» Prompt: Copy the data exactly, pictures aside.

START Provided data

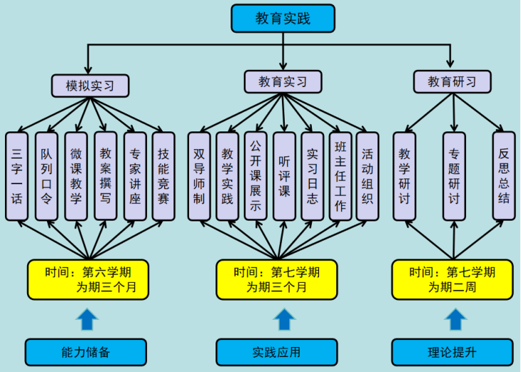 严格过程管理,打造高标准教育实践模式。建有稳定的教育实践基地,严把教育实践过程关,从前期准备到岗位实践,构建了层层推进与高质量把关的“三习”模式。学院教育实践分为三个阶段:模拟实习(含教育见习)、教育实习和教育研习。模拟实习内容包括:三字一话、常用口令、队列队形、课间操练习、PPT制作与说课、教案与教学设计的撰写、片段式教学与微课教学,以及师范技能测试、专家讲座等。模拟实习结束后会进行技能展示大会,检验实践成效。教育实习期间实行双导师制,对每个实习生的教案、听评课、实习日志、教学笔记、公开课展示等均有具体明确的要求。教育实习结束后学院统一召开教育实践总结大会,各实习队汇报模拟实习、教育实习和教育研习中所进行的教学活动、班级管理、课外体育活动组织、训练竞赛等工作成果,展示各队的组织管理、队刊、教案、实习日志等材料,大会聘请专家对各实习队成果进行点评。多年来,学院学生教育实践受到学校领导与实习学校的高度评价。
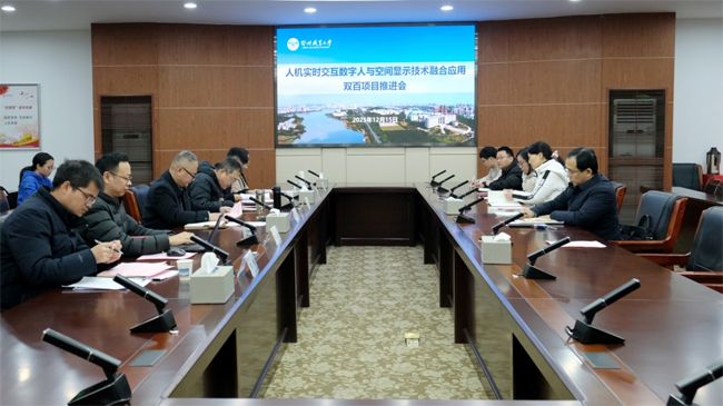 (记者 何建华)12月15日下午,人机实时交互数字人与空间显示技术融合应用“双百”项目推进会在鄂州职业大学召开。会议由鄂州职业大学牵头组织,北京大学武汉人工智能研究院、湖北莲花山人工智能研究院、市科技局、鄂城区科技发改局等单位相关负责人应邀出席。校长李梁军,校党委副书记、副校长高飞及学校科技处、信息工程学院负责人参会。
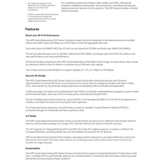 | Very High Wi-Fi 6 (802.11ax) Performance With Dual Radios And Green AP Energy Efficiency Aruba Wi-Fi 6 access points provide high-performance connectivity for any organization experiencing growing numbers of IoT and mobility requirements. With a maximum aggregate data rate of 3.55 Gbps (HE80/HE40), the Aruba 530 Series deliver the speed and reliability needed for any enterprise. | |
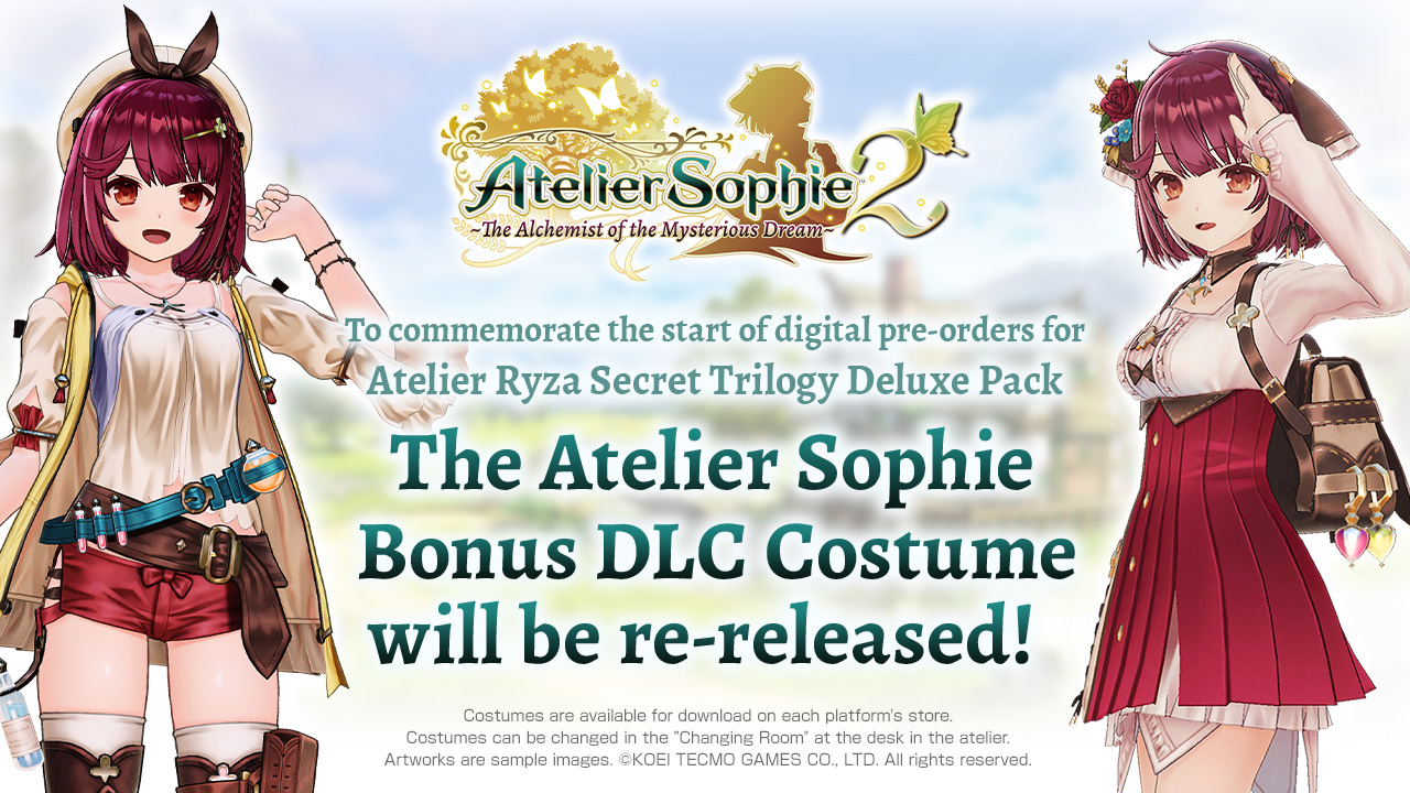To celebrate the release of Atelier Ryza Secret Trilogy Deluxe Pack on November 13th, previously available DLC will be re-released, including costumes for Sophie that are inspired by Ryza, the protagonist of Atelier Ryza: Ever Darkness & the Secret Hideout, along with other costumes.

END Provided data

» Problem solution:
 严格过程管理,打造高标准教育实践模式。建有稳定的教育实践基地,严把教育实践过程关,从前期准备到岗位实践,构建了层层推进与高质量把关的“三习”模式。学院教育实践分为三个阶段:模拟实习(含教育见习)、教育实习和教育研习。模拟实习内容包括:三字一话、常用口令、队列队形、课间操练习、PPT制作与说课、教案与教学设计的撰写、片段式教学与微课教学,以及师范技能测试、专家讲座等。模拟实习结束后会进行技能展示大会,检验实践成效。教育实习期间实行双导师制,对每个实习生的教案、听评课、实习日志、教学笔记、公开课展示等均有具体明确的要求。教育实习结束后学院统一召开教育实践总结大会,各实习队汇报模拟实习、教育实习和教育研习中所进行的教学活动、班级管理、课外体育活动组织、训练竞赛等工作成果,展示各队的组织管理、队刊、教案、实习日志等材料,大会聘请专家对各实习队成果进行点评。多年来,学院学生教育实践受到学校领导与实习学校的高度评价。
 (记者 何建华)12月15日下午,人机实时交互数字人与空间显示技术融合应用“双百”项目推进会在鄂州职业大学召开。会议由鄂州职业大学牵头组织,北京大学武汉人工智能研究院、湖北莲花山人工智能研究院、市科技局、鄂城区科技发改局等单位相关负责人应邀出席。校长李梁军,校党委副书记、副校长高飞及学校科技处、信息工程学院负责人参会。
 | Very High Wi-Fi 6 (802.11ax) Performance With Dual Radios And Green AP Energy Efficiency Aruba Wi-Fi 6 access points provide high-performance connectivity for any organization experiencing growing numbers of IoT and mobility requirements. With a maximum aggregate data rate of 3.55 Gbps (HE80/HE40), the Aruba 530 Series deliver the speed and reliability needed for any enterprise. | |
To celebrate the release of Atelier Ryza Secret Trilogy Deluxe Pack on November 13th, previously available DLC will be re-released, including costumes for Sophie that are inspired by Ryza, the protagonist of Atelier Ryza: Ever Darkness & the Secret Hideout, along with other costumes.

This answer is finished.